The Growth Hacker in the tunnel: the AARRR matrix

Growth Marketing Agency in Dubaï

The Growth Hacker in the tunnel: the AARRR matrix

Le Growth Hacker dans le tunnel : la matrice AARRR. Every Growth Hacker works, consciously or unconsciously, but more often consciously, from a schema that can be summarized from the AARRR matrix. It was Dave McClure, entrepreneur and business angel, who first proposed this matrix. The latter describes, more broadly, the functioning of any technology start-up. A better understanding of it also means a better understanding of Growth Hacking.

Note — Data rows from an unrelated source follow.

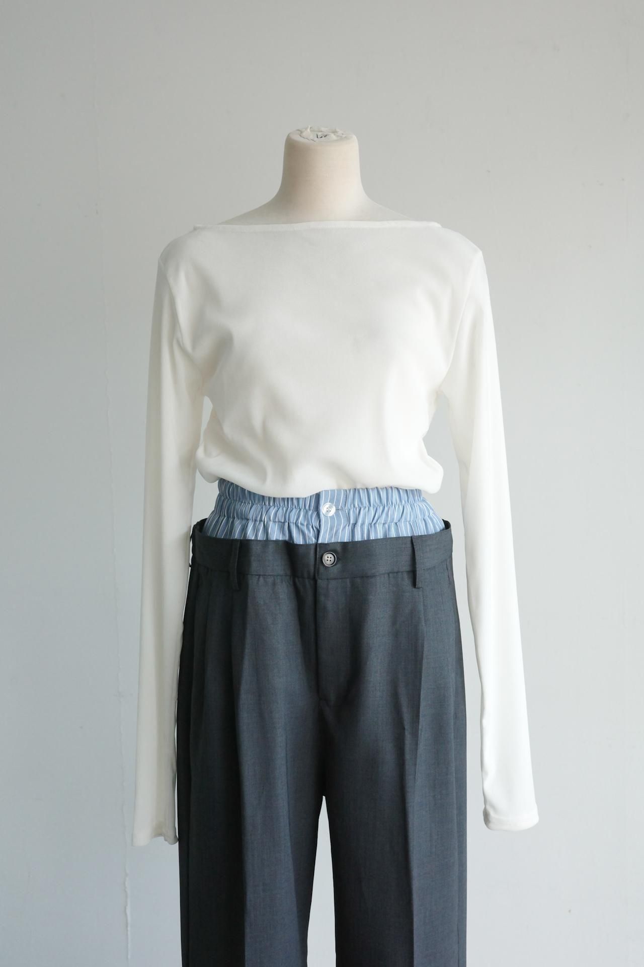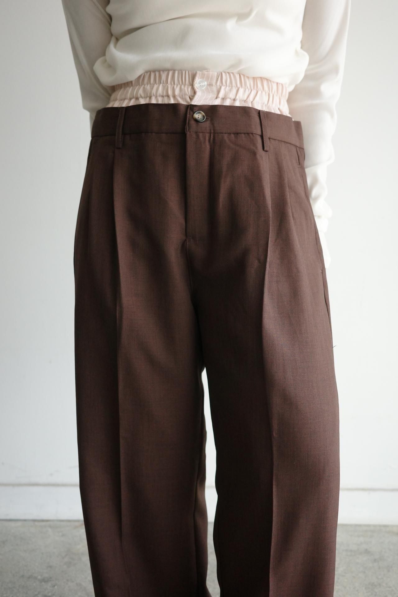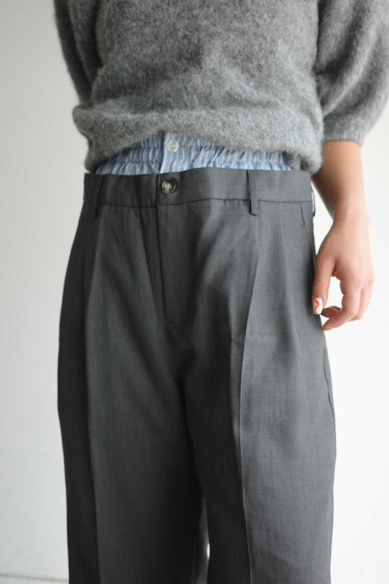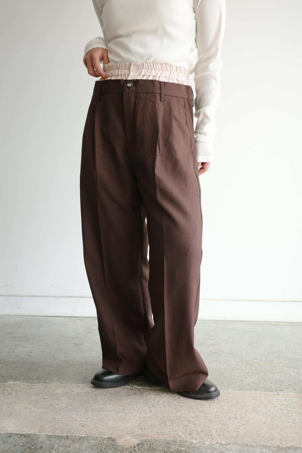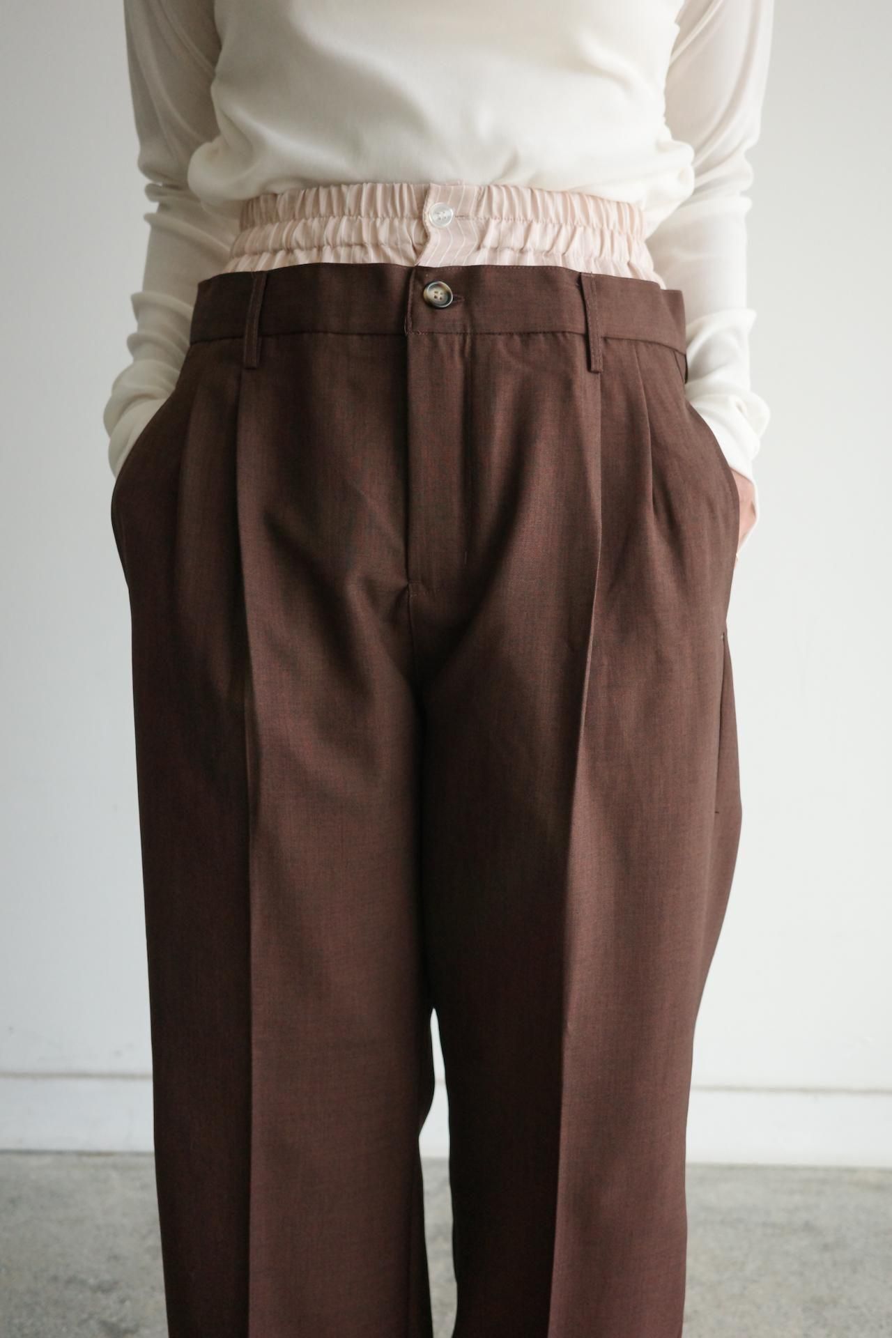 ウエストにレイヤード風デザインを施したデザインパンツ
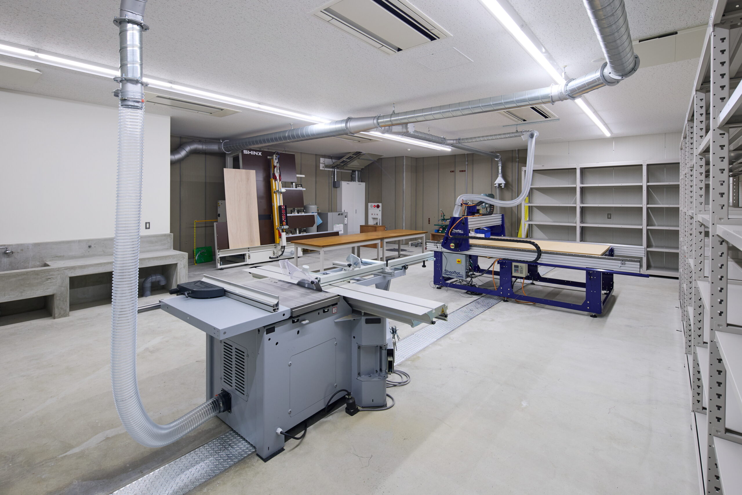 家具や木工製品などの製作を行うために整備された工房空間です。この工房は、建築空間サイズの作品から、日常で使われるようなテーブルや椅子といった家具サイズの作品まで、多様なスケールのものづくりに対応できる十分な広さがあります。
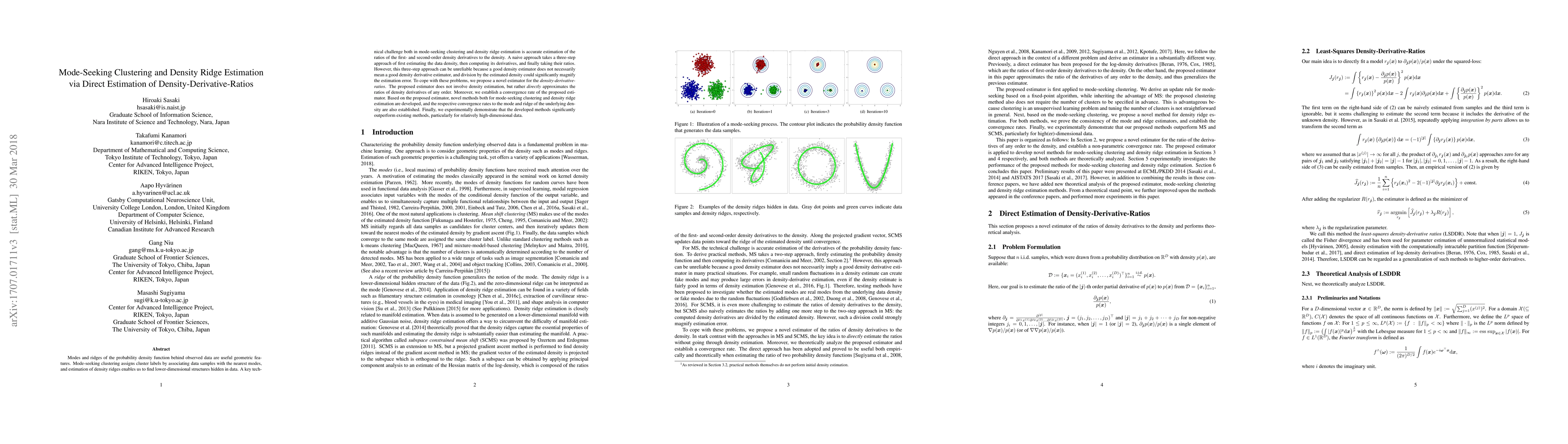 This paper proposes a novel method for mode-seeking clustering and density ridge estimation by directly estimating density-derivative-ratios without intermediate density estimation. The proposed direct estimator improves accuracy and convergence rates, leading to superior performance in clustering and ridge detection, especially in high-dimensional data.

AARRR is an acronym for AcquisitionActivationRetentionReferralIncome. This matrix defines the different successive steps a Growth Hacker should focus on. This is the conversion tunnel, no more and no less.

Acquisition

The first step in the work of a GH and a start-up is to attract Internet users to a service (via different channels: social networks, SEO, SEA, etc.). To make a successful acquisition, the value proposition of the service proposed must be sufficiently relevant and the Internet user must be able to visualise it very quickly (hence the importance of landing pages). Example of a value proposition: « rent from the locals for less than a hotel and with more user-friendliness » (Airbnb’s value proposition).

Activation

Once the Internet users have arrived on the landing page, have seen the value proposition, you have to get them to buy in. In other words: turn the Internet user into a user. A typical way to measure the degree of activation: subscriptions (newsletter, RSS feeds or other). In order to succeed in this step, it is necessary to ensure that the user has a satisfactory first experience of the product or service. He has to say to himself « ah yes, not bad, well go I subscribe ». For Uber, for example, one way to optimize activation is to show cars moving live.

Retention

The Growth Hacker must ensure that users of the service become active and use it regularly, for example through regular updates, new features, the proposal of new functionalities, the organization of events, discount vouchers, loyalty programs… This step is sometimes overlooked, but it is a mistake that leads straight to the shopping cart syndrome. It’s important to work on retention before you even try to make a referral. Retention work is the sine qua non of the product/market fit. It can be said that if you have reached this stage of M/M fit, the start-up has every chance of making a breakthrough. This means that the start-up has been able to create its market or seize a pre-existing demand. People like it. All that’s left to do is to pursue the vein. Retention is perhaps the most crucial step for start-ups, and that’s where the good GHs do the most work.

Referral

At this stage, every effort should be made to ensure that active users of the service become ambassadors of the service to their network. We are here at the heart of Growth Hacking: virality. It is virality that will allow the user base to grow exponentially or by geometric growth. The Growth Hacker can use a whole range of actions to increase the refferal: sponsorship offers, promotional codes, contests, etc… The inventiveness of GH is limitless.

Revenues

This last step consists of transforming active users into revenues. This is the stage towards which all GH’s work tends, but which, however, only comes to an end. It is the monetisation stage (advertising, subscription…) during which prospects become real customers.

This matrix explains the Growth Hacker philosophy very well. In the first stage (the…first four stages!), the Growth Hacker does not try to make money at all. Its goal is to increase the number of users of the service. To ensure sustainable growth, the GH focuses all its attention on the quality of the users, hence the importance of the activation and retention phases.

Only once the user base becomes sufficiently large and users have become sufficiently active can the work of monetization (the last stage) begin. The Growth Hacker is therefore not an ox that rushes headlong towards the Growth Goddess, as our first definition of GH might have suggested. He wants qualified and sustainable growth, the only growth that can make the start-up’s business sustainable.